• WORK REQUEST
Could you please retype exactly the lines from the start of the records below through the line that contains "Pastel Green Chequerboard", both included, and leave out the pictures?
======== DATASET EXTRACT ========
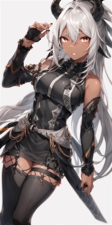 被拉拢回思绪了的婧姬刚转过身准备说点什么就被对方近在咫尺的身形给吓得后退了几步,稳下心神后婧姬便趁着这个女人看信的时间,好好的打量了她一番:棕色的皮肤,灰黑的兽瞳,灰白色头发,一对尖尖的兽角,穿的也挺飒爽。
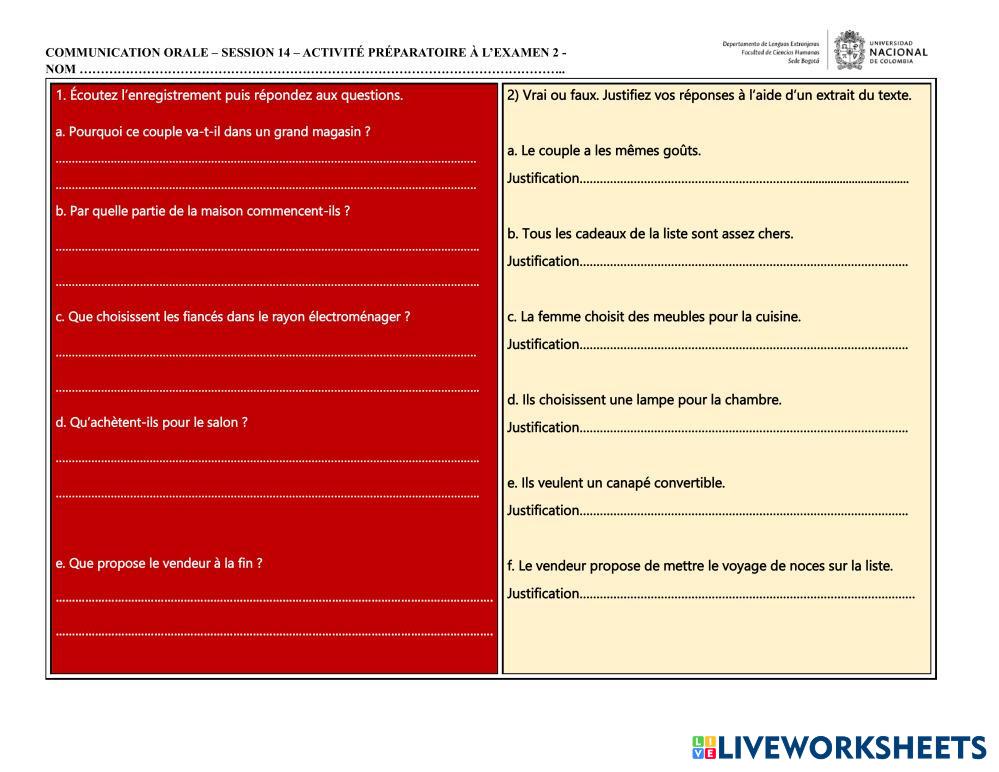 Activité proposée aux étudiants de Français, niveau A2, pour s'entraîner à la compréhension de l'oral.
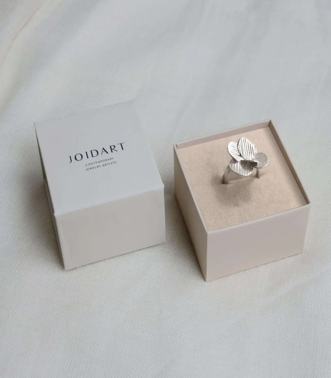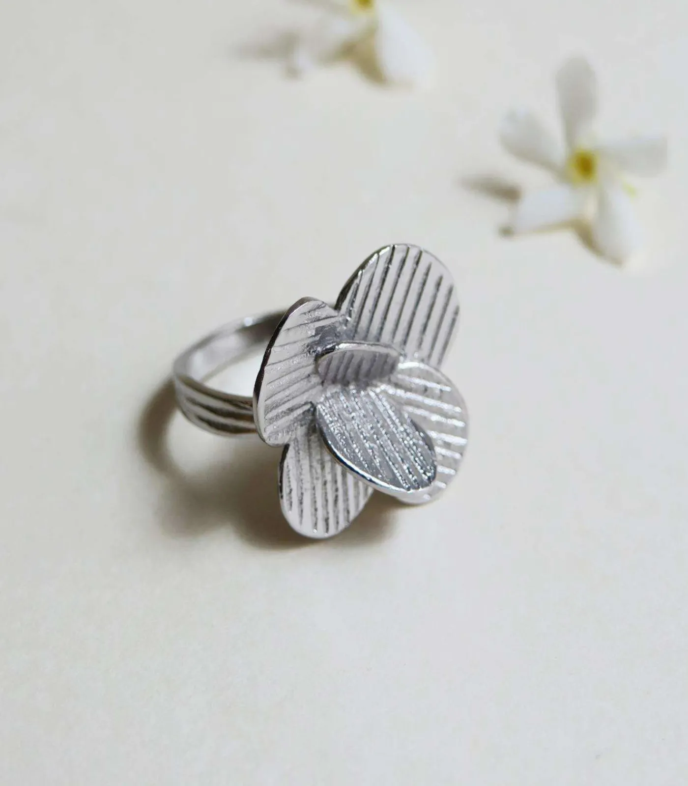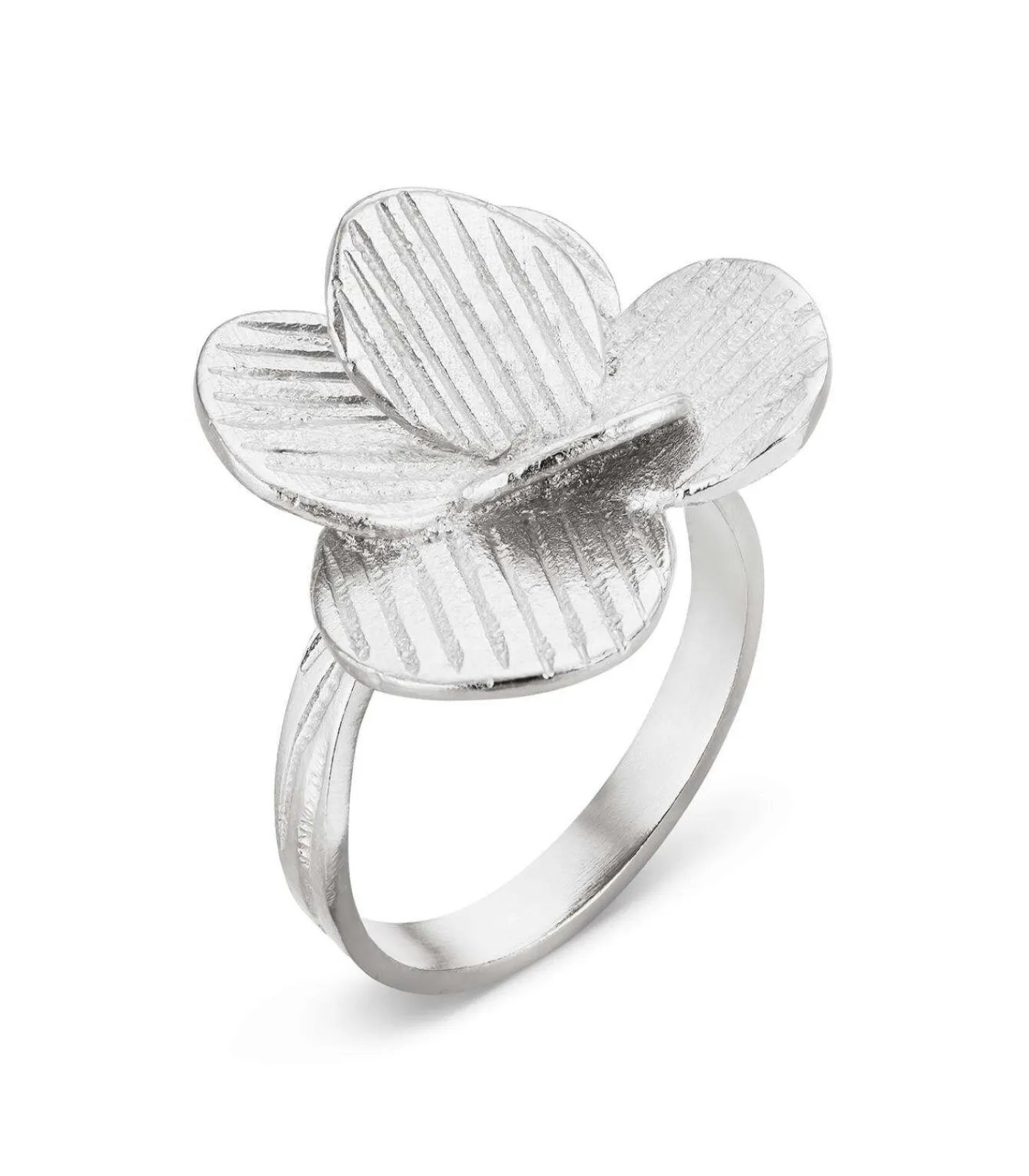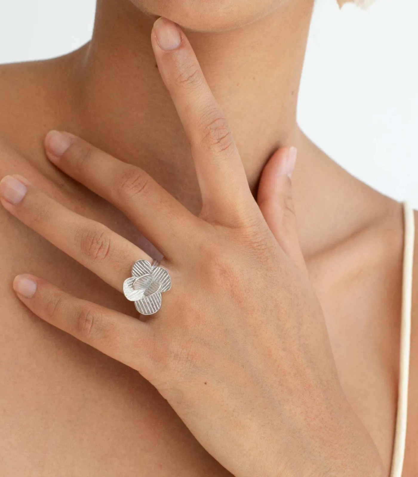 Ring van 925 zilver met een platina coating in de vorm van een wilde pioenroos uit Mallorca. Textuurontwerp.
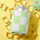 Pastel Green Chequerboard Retro Modern Checks Can Cooler
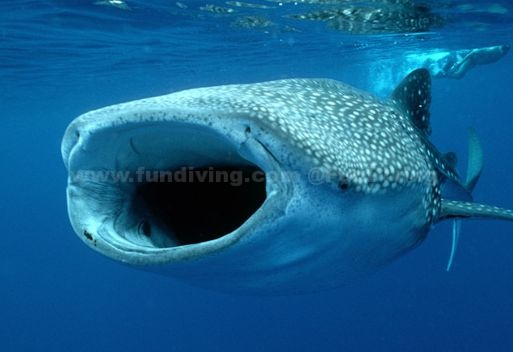 小朋友们,我是鲸鲨,是全世界个头最大的鲨鱼,我全身布满了像白色星星一样的小斑点。我的嘴巴非常大,但是我只吃大海里的小型动植物,我的嘴巴里有几千颗带钩子的小牙,至少有11-12排,我的牙很好,每年都要换两次牙呢。我吃东西的方式很特别,先用嘴巴喝一大口水,再用腮把水过滤出来,水里的小生物就会留在我的嘴巴里,被我吞进肚子。
========
• ANSWER AREA
 被拉拢回思绪了的婧姬刚转过身准备说点什么就被对方近在咫尺的身形给吓得后退了几步,稳下心神后婧姬便趁着这个女人看信的时间,好好的打量了她一番:棕色的皮肤,灰黑的兽瞳,灰白色头发,一对尖尖的兽角,穿的也挺飒爽。
 Activité proposée aux étudiants de Français, niveau A2, pour s'entraîner à la compréhension de l'oral.
 Ring van 925 zilver met een platina coating in de vorm van een wilde pioenroos uit Mallorca. Textuurontwerp.
 Pastel Green Chequerboard Retro Modern Checks Can Cooler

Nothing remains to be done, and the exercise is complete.